▶ PROBLEM REQUIREMENTS
From the first line to the last, retype everything below exactly, minus the pictures.

-.-.-

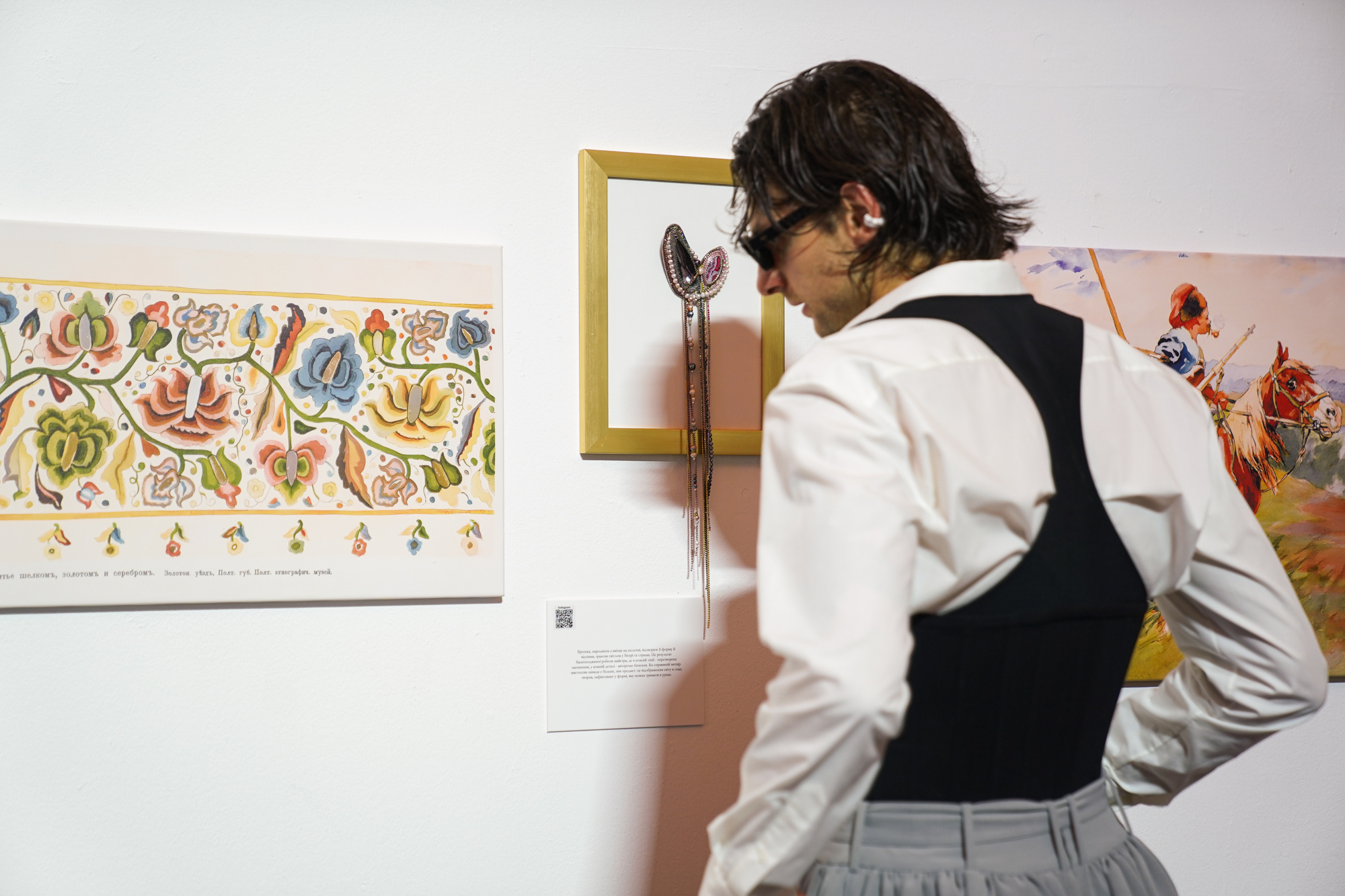 Гості побачать роботи художника у форматі репродукцій та авторські прикраси, створені спеціально для цієї експозиції. Кожен витвір мистецтва перегукується з ювелірними об’єктами, утворюючи новий вимір сприйняття: від динаміки батальних сцен до витончених мотивів українського орнаменту.
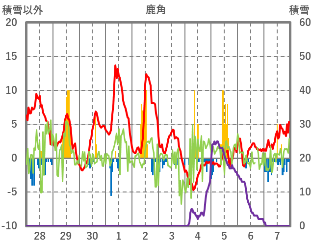 | 日 | 時 | 気温 | 降水 | 風向/風速 | 日照 | 積雪 | 降雪 |
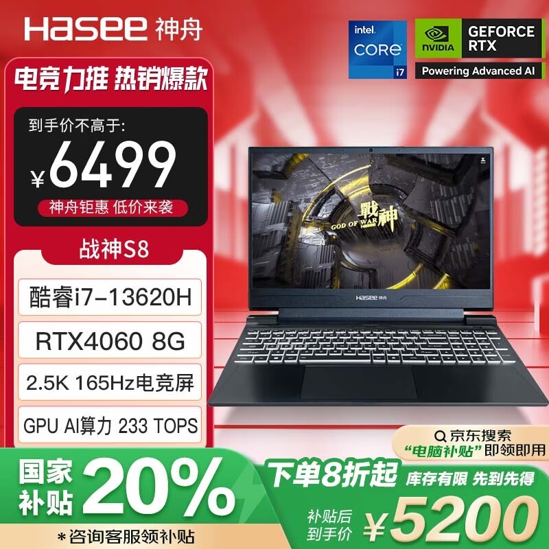 神舟战神S8笔记本电脑限时优惠 5173元到手
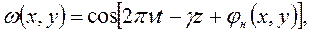 Фазовой называют голограмму, которая модулирует фазу восстанавливающей волны таким образом, что результирующая волна имеет относительный сдвиг фазы, пропорциональный величине, описываемой выражением (1); иными словами, волну можно представить в виде функции ω(x, y), записываемой как
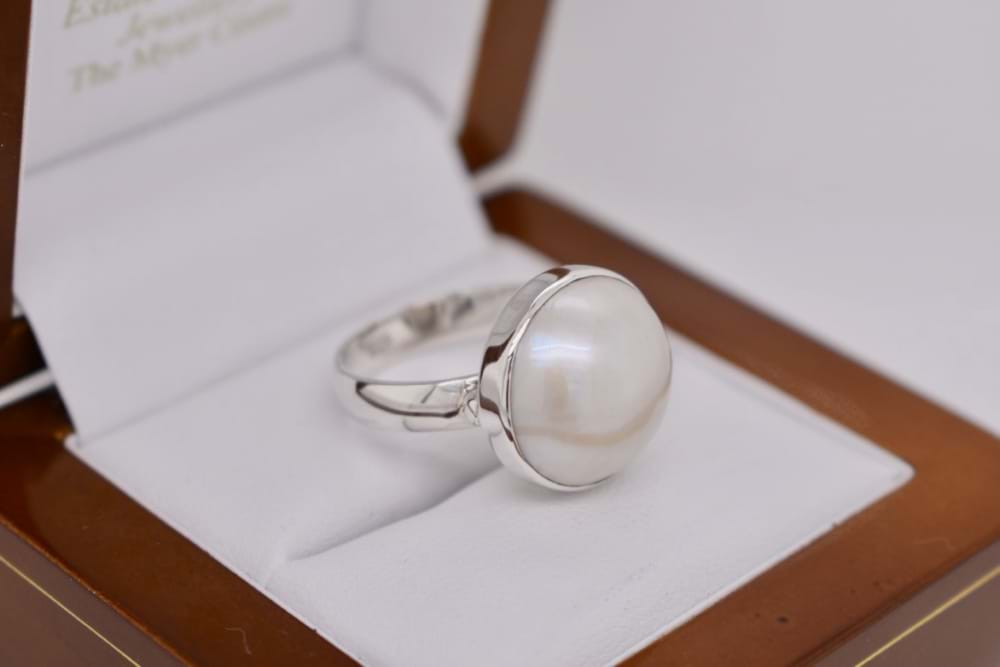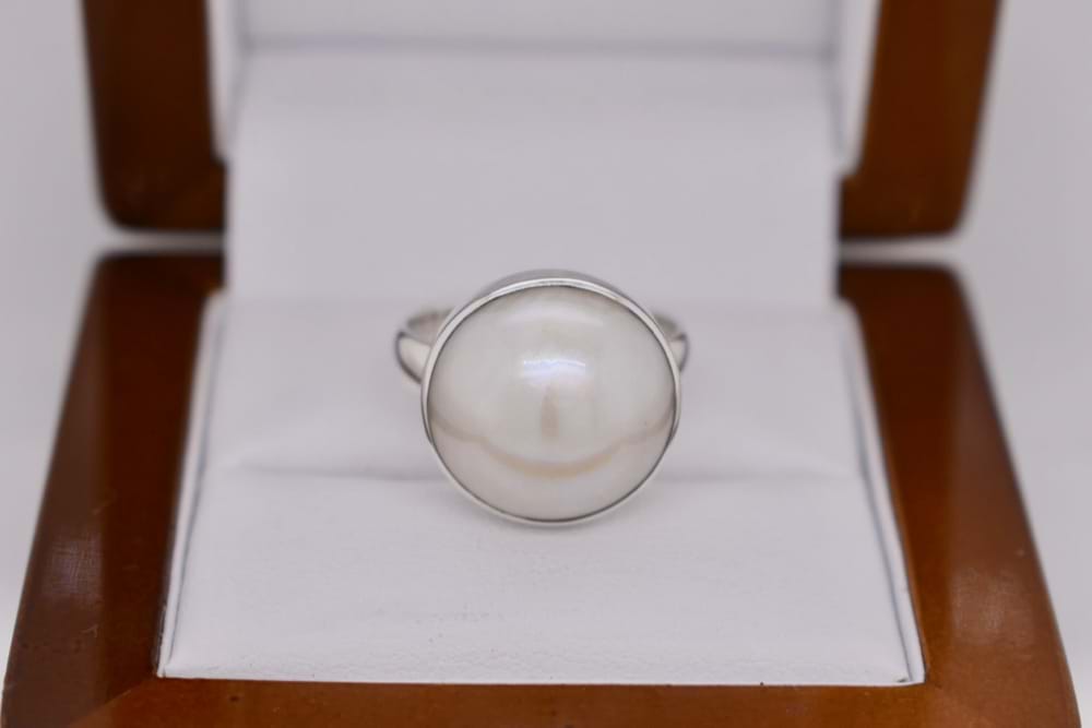 Sterling silver bezel set 15mm white Mabe pearl ring. Finger size O

-.-.-

▶ ANSWER AREA
 Гості побачать роботи художника у форматі репродукцій та авторські прикраси, створені спеціально для цієї експозиції. Кожен витвір мистецтва перегукується з ювелірними об’єктами, утворюючи новий вимір сприйняття: від динаміки батальних сцен до витончених мотивів українського орнаменту.
 | 日 | 時 | 気温 | 降水 | 風向/風速 | 日照 | 積雪 | 降雪 |
 神舟战神S8笔记本电脑限时优惠 5173元到手
 Фазовой называют голограмму, которая модулирует фазу восстанавливающей волны таким образом, что результирующая волна имеет относительный сдвиг фазы, пропорциональный величине, описываемой выражением (1); иными словами, волну можно представить в виде функции ω(x, y), записываемой как
 Sterling silver bezel set 15mm white Mabe pearl ring. Finger size O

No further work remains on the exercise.